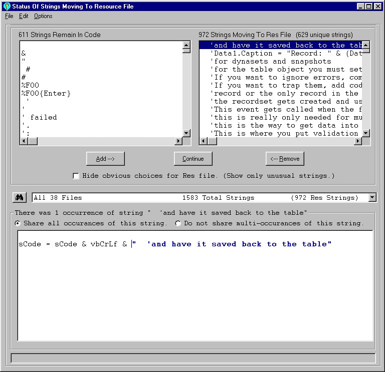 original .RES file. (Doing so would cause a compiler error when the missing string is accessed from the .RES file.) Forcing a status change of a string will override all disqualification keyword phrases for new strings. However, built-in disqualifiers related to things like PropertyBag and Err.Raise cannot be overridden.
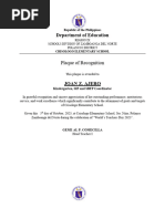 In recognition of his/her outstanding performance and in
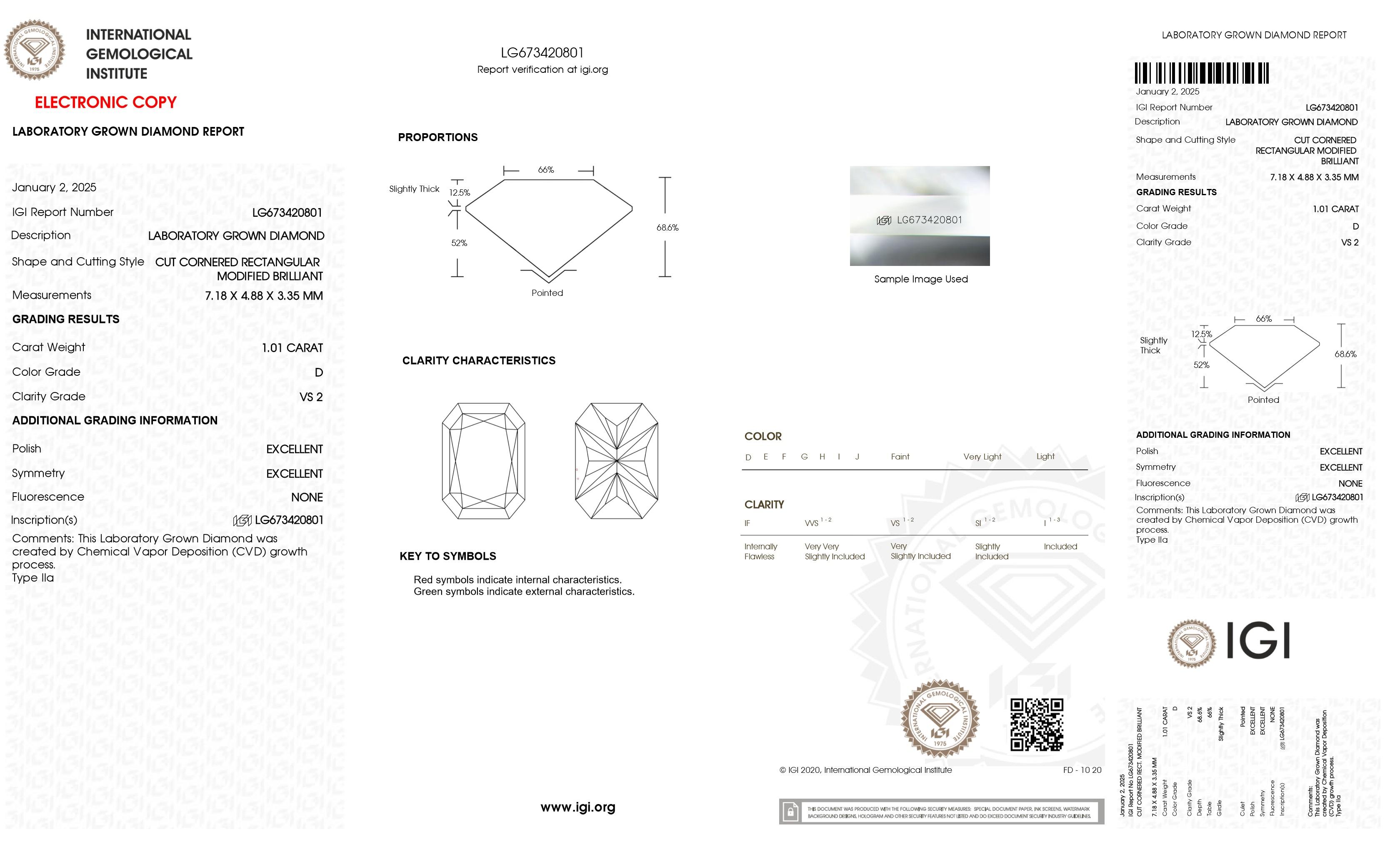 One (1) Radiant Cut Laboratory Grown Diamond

++++++++++

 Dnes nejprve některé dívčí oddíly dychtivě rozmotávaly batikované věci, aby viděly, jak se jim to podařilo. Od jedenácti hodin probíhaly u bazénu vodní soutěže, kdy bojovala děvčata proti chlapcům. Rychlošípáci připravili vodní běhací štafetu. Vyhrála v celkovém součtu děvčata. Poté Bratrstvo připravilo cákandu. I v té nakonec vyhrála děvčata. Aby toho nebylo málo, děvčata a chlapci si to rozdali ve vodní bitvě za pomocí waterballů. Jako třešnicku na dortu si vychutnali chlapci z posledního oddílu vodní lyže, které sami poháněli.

++++++++++

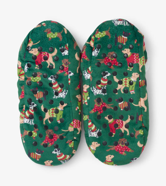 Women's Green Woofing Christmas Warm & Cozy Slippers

++++++++++

ACTIVITY: Copy only this from above: the line containing "In recognition of", the line containing "One (1) Radiant Cut Laboratory Grown Diamond", and all lines between, printed exactly. Leave out the pictures.

REPLY:
 In recognition of his/her outstanding performance and in
 One (1) Radiant Cut Laboratory Grown Diamond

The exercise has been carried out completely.